Selected source: df_name, Cost: 4.65e-05


'Expenditure on educational institutions per full-time equivalent student'

In [15]:
def answer_question(user_question, interesting_content):
    key, cost = select_info(user_question)
    print(f"Selected source: {key}, Cost: {cost}")

    persona = """You are a helpful data analyst working for OECD."""
    prompt = f"""
    Please provide the answer to the following user question: 
    {user_question}
    Please use the information from the source that was selected as the best source to answer the question:
    {interesting_content[key]}
    """

    return LLM.model(prompt, persona)

# the idea works but not in any scenario

In [16]:
user_question = "What is the name of the dataset?"
answer_question(user_question, interesting_content)

Selected source: df_name, Cost: 4.65e-05


('The name of the dataset is "Expenditure on educational institutions per full-time equivalent student."',
 2.22e-05)

In [17]:
# this call should fail because the LLM cannot decide where to look for the information
user_question = "What is the definition of the education level 'ISCED11_34_44'?"
try:
    answer_question(user_question, interesting_content)
except Exception as e:
    print(f"The call failed with the following error: {e}")

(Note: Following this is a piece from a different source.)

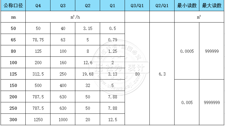 不同的應(yīng)用場景中水流量的大小不同,以社為/捷先遠(yuǎn)傳大口徑水表為例,水表尺寸有50mm~300mm可選,不同口徑大小則對應(yīng)了不同的最小流量(Q1)、分界流量(Q2)、常用流量(Q3)以及過載流量(Q4)等,表示該口徑可以測量該范圍的用水量,如:DN50大口徑水表Q1=0.50m³/h、Q2=3.15m³/h、Q3=40m³/h、Q4=50m³/h。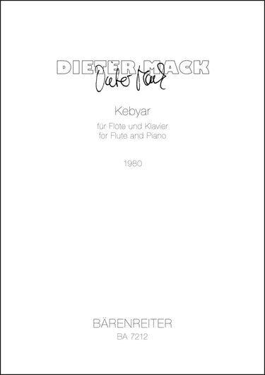 **Title**: Kebyar (1980) | **Subtitle**: Erinnerung an einen balinesischen Tanz | **Composer / Author**: Mack, Dieter | **Edition Type**: Performance score | **Instrumentation**: Flute, Piano | **Scoring/ Instrumentation**: Flute, Piano | **Binding**: Stapled | **Printing**: 6. Aufl. 2018 | **Weight**: 161.0 g | **Format**: 42,0 x 29,5 cm | **Pages**: 8 S. | **Language**: EN | Sample: https://data.baerenreiter.com/NB/BA/BA07212_00_9790006486205_nb_lrg_01.jpg

Selected source: None, Cost: 4.74e-05
The call failed with the following error: 'None'


### Two Approaches for Working with Data and Large Language Models (LLMs)

When using LLMs to work with data, there are two main approaches we can take:

1. **Send All the Data to the LLM**:
   - We extract everything important from the data (in this case, from SDMX, which is a standard for sharing statistical data).
   - Then, we convert this information into a compact form (expressed in tokens, which are chunks of text that the LLM understands).
   - Finally, we send all the relevant information to the LLM at once and ask it to generate an answer.

2. **Use a Search-First Approach (RAG)**:
   - Instead of sending everything to the LLM, we can use a system called RAG (Retrieval-Augmented Generation).
   - First, we search our stored information (like a database) to find the most relevant entries for the task.
   - We then send only the top few results to the LLM and ask it to generate an answer based on those results.
   
The second approach helps limit the amount of information the LLM needs to process, making it more efficient.